Machine translations by Deepl

Cabinet plots digital trawl expeditions

For a few days now, there has been justifiable uproar over two new cabinet plans that have far-reaching implications for privacy. The first is a Minister Leers' plan (CDA) to start drawing up automatic risk profiles of every airline passenger from now on. Before you go on a business trip or holiday, for example, you will then get a green, yellow, orange or red flag after your name. Without your knowledge. Not if surprise party, but because you might be a dangerous terrorist in the eyes of this administration. At Schiphol Airport, you will then hopefully be allowed to walk through the fast gate for people with green flags. If you have a different flag, you will be taken apart, thoroughly checked and questioned and may miss your plane. The bill has not yet been sent to Parliament, but the government is already starting to build the associated central infrastructure (PARDEX). This is how democratic the Netherlands is in 2012.

The second plan comes from State Secretary for Social Affairs De Krom (VVD). In terms of privacy protection, De Krom appears to be just as hard-nosed: his idea is to compile extensive profiles of all benefit recipients from now on, using all possible databases that can be linked to the Municipal Personal Records Database (GBA). Should there be a digital glitch somewhere in your profile, you will immediately appear on the radar of a central control room, a kind of Central Command of benefits. It is then up to you to prove that something is wrong with your profile, otherwise you may lose your benefits.

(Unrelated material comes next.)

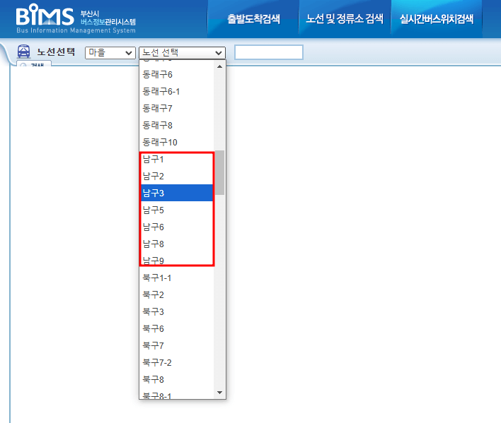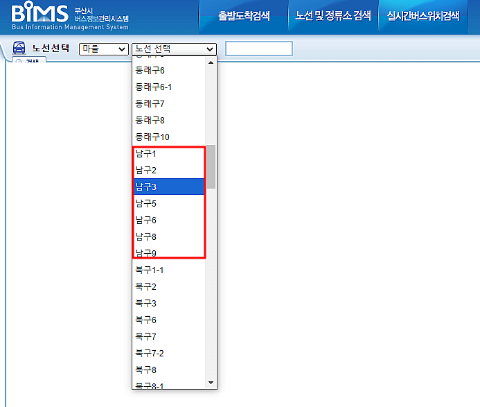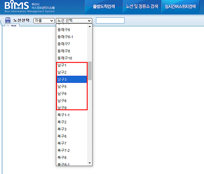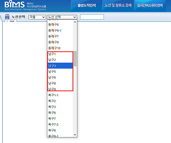 1. BIMS 부산시 버스정보관리시스템 홈페이지에 접속합니다.

Both proposals revolve around profiling: creating and maintaining detailed risk profiles of ordinary citizens. In an ocean of information 99% from innocent people, Leers and De Krom hope to fish out the 1% (potential) troublemakers. (Recall 'The One Percent Doctrine' by Dick Cheney?) Or in other words, an inversion of the classic principle that the government may only invade your privacy upon reasonable suspicion of a criminal offence. By profiling after all, everyone is treated a priori as a (potential) suspect. The right to privacy thus becomes effectively illusory.

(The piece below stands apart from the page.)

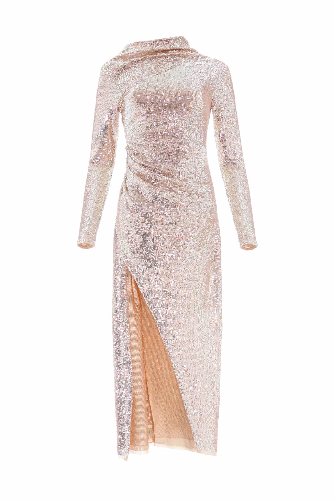 The Claudette Gloss Ankle Gown in Beige / Gold. This high shine gown is beautifully adorned with shimmering gloss sequins. Designed in a soft, stretch power mesh for ultra-comfort and fit. Crafted with a flattering and confident silhouette for a striking look. The perfect dress for a special event.

Last night a discussion on this took place on the radio programme Nearby Netherlands (NTR, Radio 5). Besides Privacy First's Vincent Böhre, two experts took part in the conversation: criminologist Marianne van den Anker (formerly alderman for security at Liveable Rotterdam) and Marc Jacobs (author and former police commissioner). The entire discussion can be viewed at HERE listen back (from 17m48s).